Sarebbe una mezza rivoluzione. Più che altro punta a una parziale rimodulazione del diritto del lavoro introducendo una piccola deroga all’articolo 18 dello Statuto dei Lavoratori che impedisce alle aziende sopra i 15 dipendenti il licenziamento senza giusta causa. All’interno della bozza sulle liberalizzazioni allo studio del governo l’art.3 punta a una graduale e maggiore flessibilità del mercato del lavoro, estendendo la non applicabilità dell’art.18 dello Statuto dei Lavoratori in caso di fusione tra due aziende sotto i 15 dipendenti che non superino la soglia dei 50 dipendenti nella newco costituenda. E non si fa attendere la reazione da parte delle maggiori sigle sindacali del Paese
«L’articolo 18 non va modificato. Come abbiamo detto in più occasioni, non è stato oggetto di trattativa con il Ministro del Lavoro, Fornero. È davvero singolare ritrovare ora questo tema in una bozza di provvedimento sulle liberalizzazioni che non è stato oggetto di confronto con le parti sociali». Lo afferma il leader Cisl, Raffaele Bonanni. «Non si capisce proprio che cosa c’entra la modifica dell’articolo 18 con le liberalizzazioni. Insistere poi che rimuovendo l’articolo 18 si avrà più occupazione è davvero incomprensibile. L’unica cosa che si verifica, insistendo su questo argomento, è creare sbandamento ed incomprensione tra la gente. Significa distrarre l’attenzione dell’opinione pubblica dai veri problemi dell’occupazione e della competitività . Vorremmo occuparci più di energia, di infrastrutture, di tasse, di come riorganizzare la Pubblica amministrazione – aggiunge Bonanni – di come tagliare le unghie alle lobbies ed ai poteri forti in Italia. Abbiamo bisogno di coesione sociale e non di ulteriori lacerazioni in un momento così difficile per il Paese. Speriamo che il Governo se ne renda conto», conclude il lader Cisl.

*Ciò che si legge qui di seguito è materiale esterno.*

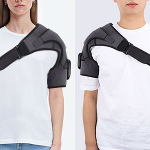 Adjustable electric shoulder brace is designed ergonomically for extended comfort. Shoulder brace is made with high quality neoprene fabric and an strength latching strap to ensure comfortable, breathable and won't not loosen during use.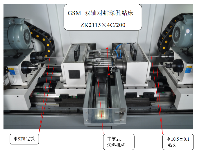 1. 機床結構的選擇:因為φ9f8 (+0.013-0.035)孔徑公差要求非常高,又加之零件為大批量生產,效率要求極高,所以深孔加工過程需要穩(wěn)定可靠,并且要方便刀具及工裝的調整。所以,機床的主軸數量選擇為2軸。如果選用4軸機床,則同時調整4支高精度的刀具,難度很大,也很難保證加工質量。為了提高加工效率,考慮將左側的φ10.5±0.1深孔與φ9f8 (+0.013-0.035)同時加工。這樣可以保證工件一次裝夾,完成左右兩側孔的加工,大大提高了加工效率,加工效率比通常的四軸機床還要高很多。所以機床選擇為雙軸對鉆深孔鉆床。加工孔徑范圍:φ3~φ15。機床結構參見下圖。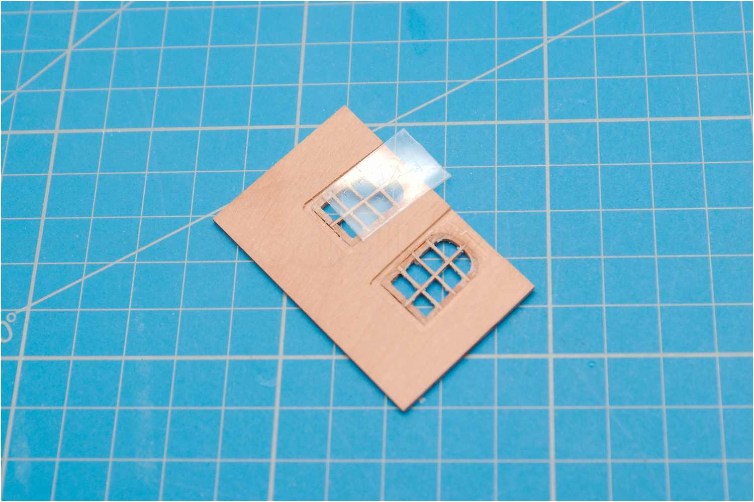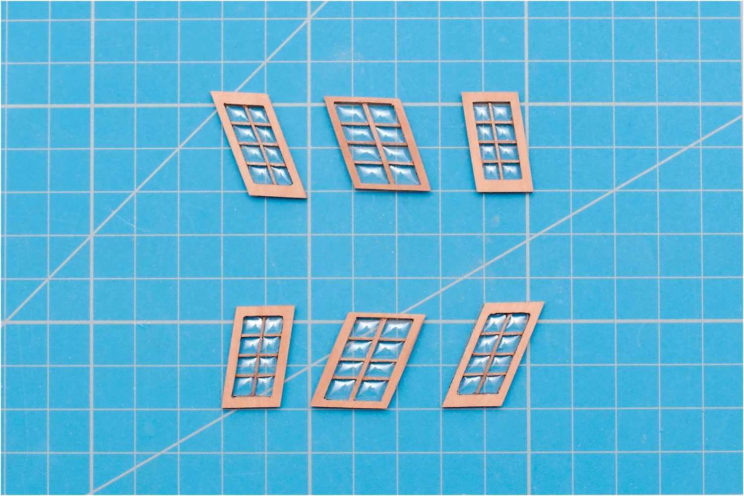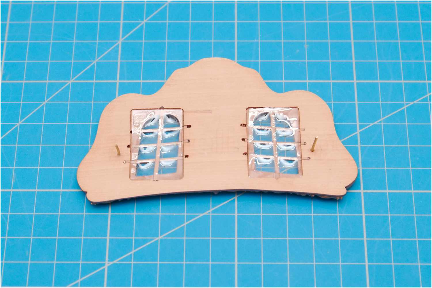 Für die 1. Variante, mit nach innen gewölbten Scheiben kam wieder Laminatfolie zum Einsatz, die in einer gefrästen Tasche hinter die Fenster geklebt und auf der Vorderseite mit Klarlack ausgegossen wurde.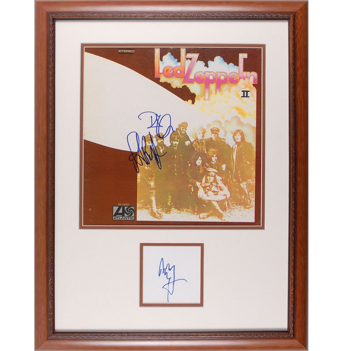 Led Zeppelin II album signed on the front cover in blue felt tip by Robert Plant and John Paul Jones; and a felt tip signature of Jimmy Page on a white 3.75 x 3.75 card. Archivally double-matted and framed together to an overall size of 19 x 24.5. In fine condition. The record is not included. Oversized.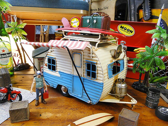 キャンピングカー ブリキオブジェ (ブルー) アメリカン雑貨 アメリカ雑貨 グッズ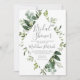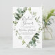 Invitation de douche nuptiale Belle Eucalyptus aquarelle Cadre sur arrière - plan blanc rendre cette invitation stupéfiant! Ajoutez les détails de votre événement à l'aide du formulaire modèle. Un texte supplémentaire peut être ajouté au verso si nécessaire à l'aide de la fonction Personnaliser.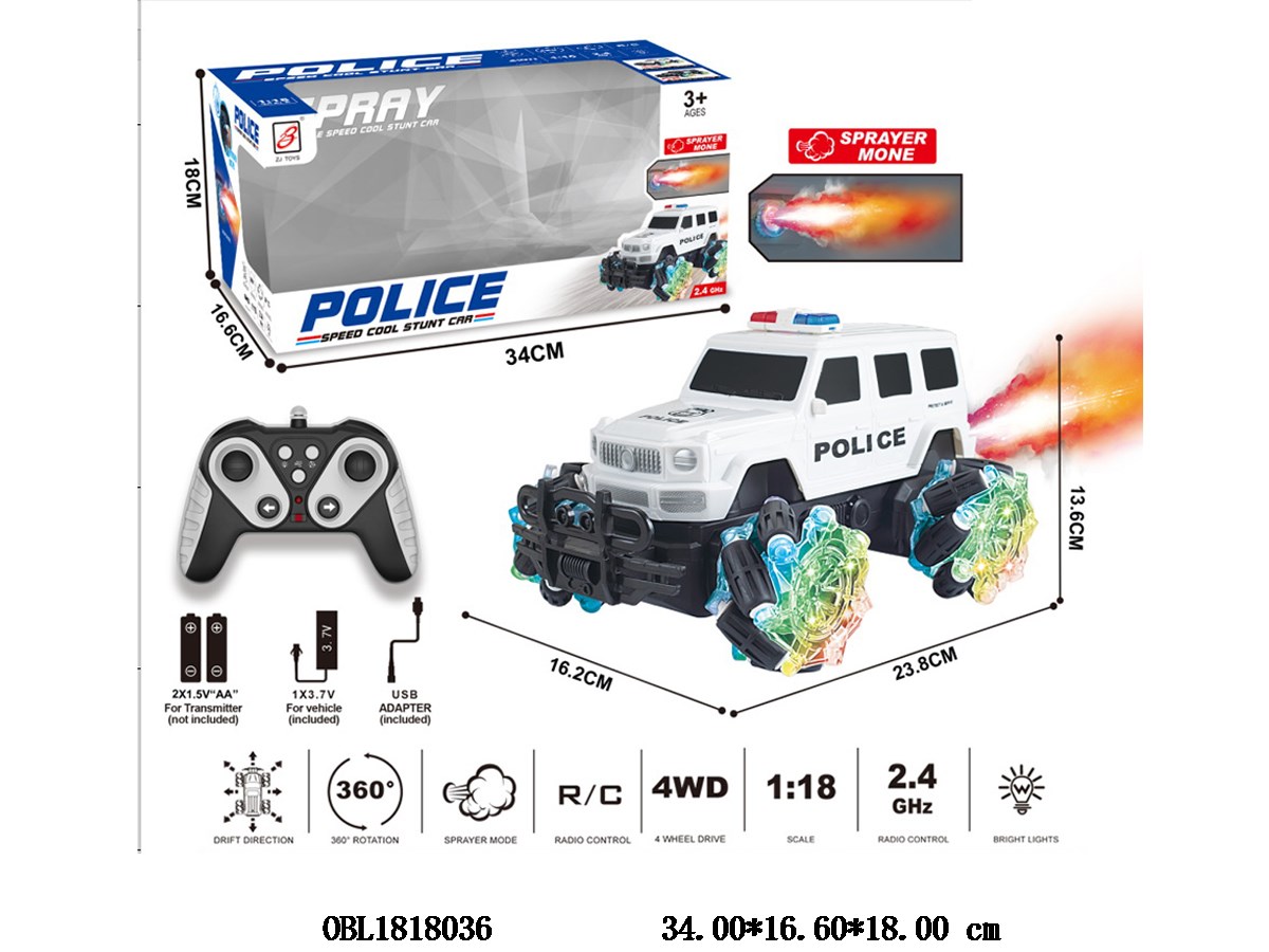 Jiutong remote control police car with lights, spray, USB cable, body 3.7V battery pack, electric remote control, 2 * AA, no power pack, 2.4G frequency, white/black mixed

LA LEVATA DI SCUDI DELLA CGIL – Anche la Cgil corre in difesa dell’articolo 18 dello Statuto dei Lavoratori: «L’Ocse segnala che la rigidità in uscita colloca l’Italia al di sotto della media europea e che il nostro paese non costituisca affatto un caso anomalo nel quadro europeo lo dimostra l’analisi comparata contenuta in un rapporto rapporto dell’European labour law network, presentato a fine novembre al seminario sui temi del ‘licenziamento individuale in Europà, e che invieremo al ministro del Lavoro Fornero», dice Fulvio Fammoni, segretario confederale Cisl. L’analisi comparata, osserva il sindacalista, «evidenzia come la tutela fondata sul reintegro, in caso di licenziamento illegittimo, non rappresenti affatto una anomalia del nostro ordinamento. Del resto, nonostante la propaganda, anche Confindustria ha dovuto ammetterlo. Aggiungendo che sarebbe però meno utilizzato negli altri paesi». Fammoni rileva inoltre che «se scegliessimo la propaganda dovremmo rispondere: forse perchè negli altri paesi si fanno meno licenziamenti illegittimi. In realtà in tutte le realtà l’applicazione spesso porta ad un compenso economico risarcitorio per comune volontà delle parti. Quello che vale in Italia come in Svezia o in Germania è la funzione deterrente che la norma legislativa comporta, sul licenziamento così come sul rispetto di altri diritti. Ma non è l’unica notizia rilevante». Il dirigente sindacale della Cgil ricorda anche come l’articolo 30 della carta di Nizza prevede che «ogni lavoratore ha diritto alla tutela contro ogni licenziamento ingiustificato, cioè va giustificato».